Re: [whatwg] Use cases for Node.getElementById (was: Re: Early feedback on header association algorithm)

2008-12-07 Thread João Eiras


IMO, anyone suggesting a Node.getElementById clearly does not know very  
well how getElementById is supposed to work.
There are ways to transverse a DOM tree currently, either DOM properties  
and methods, XPath, selectors API and such.
Considering ids are required to be unique in the context of a single  
document, implementations can, and do, implement id lookup using optimized  
data structures like a hash table, which is much more performant than  
doing transversal.
So if there is a special node in a document, add an id to it and get its  
reference will be performant (ideally O(1)).


If the uniqueness requirement is removed, then getElementById looses its  
whole meaning and should actually be removed from the specification  
entirely, else then we would need more bloat like getElementById or  
getElementListById and whatever.


If you really need to get the element with id in a subtree, connected or  
disconnected from the main tree, one can use selectors API, DOM  
transversal, XPath, etc.


So, IMO the DOM spec is just fine. What is asked for Node.getElementById  
is already supported by other APIs.




Re: [whatwg] Use cases for Node.getElementById

2008-12-07 Thread Calogero Alex Baldacchino

João Eiras ha scritto:


IMO, anyone suggesting a Node.getElementById clearly does not know 
very well how getElementById is supposed to work.
There are ways to transverse a DOM tree currently, either DOM 
properties and methods, XPath, selectors API and such.
Considering ids are required to be unique in the context of a single 
document, implementations can, and do, implement id lookup using 
optimized data structures like a hash table, which is much more 
performant than doing transversal.
So if there is a special node in a document, add an id to it and get 
its reference will be performant (ideally O(1)).

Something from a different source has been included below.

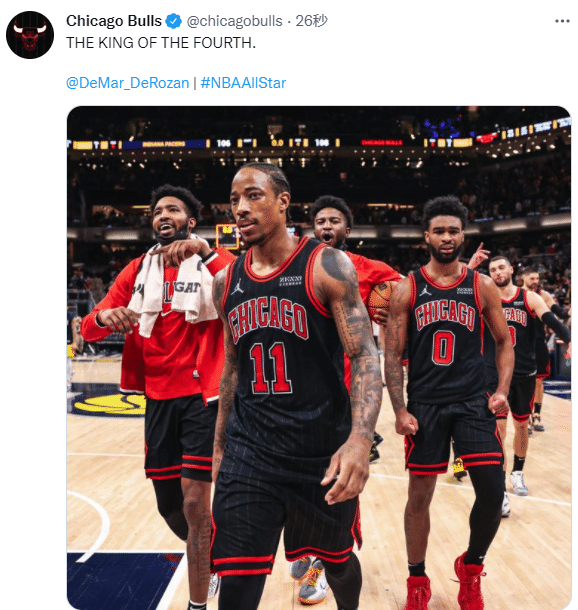 据美媒StatMuse统计,本赛季至今,德罗赞末节总共拿到232分高居联盟第一,末节场均7.7分联盟第二,命中率高达53.2%联盟第一,三分命中率50%;末节总得分好命中率都是联盟第一,公牛官方晒出德罗赞离场照,并且配文写道:末节之王。

Such a hash table cannot prevent at all the need of traversing the DOM 
tree for the purpose of a _correct_ implementation of .getElementById. A 
DOM tree is a live structure, so the hash table must be checked and 
updated each time a node is removed AND each time a node is inserted, 
for a couple of reasons, and such update may request some kind of tree 
traversing (i.e. to compare nodes relative position). Actually, 
getElementById is being defined as returning the _first_ element with a 
matching ID, as a graceful degradation in case of duplicate IDs and to 
give a better standard (= unique) definition of the expected behavior in 
front of duplicate IDs, than what stated in DOM 3 Core (which leaves 
such behavior unspecified -- it's said to be undefined -- and possibly 
implementation or document specific); this means that, upon insertion of 
a new element, this one might be the new 'first' element with a certain 
id, so its order must be checked and the hash table updated accordingly. 
When an element is removed, independently of the previous scenario, if 
it was in the hash table it might be just removed from the table a well, 
but such wouldn't work fine, because there might be a descendant, or an 
otherwise following element with the same id: after the removal, such 
element would pass from the 'illegal' state of being a duplicate-ID 
element, to the 'legal' state of being the current element to be 
returned by getElementById = the existence of such an element must be 
checked and the hash table updated accordingly. If there are far more 
insertions and/or removals of elements with the id attribute set, than 
calls to getElementById, the advantage of a live hash table vs 
traversing as needed can be quite lost; anyway, a traversal can be quite 
fast, especially if the DOM structure is implemented as a balanced 
binary tree (and I hope you don't wish to implement any kind of 
non-binary tree as the base tree structure).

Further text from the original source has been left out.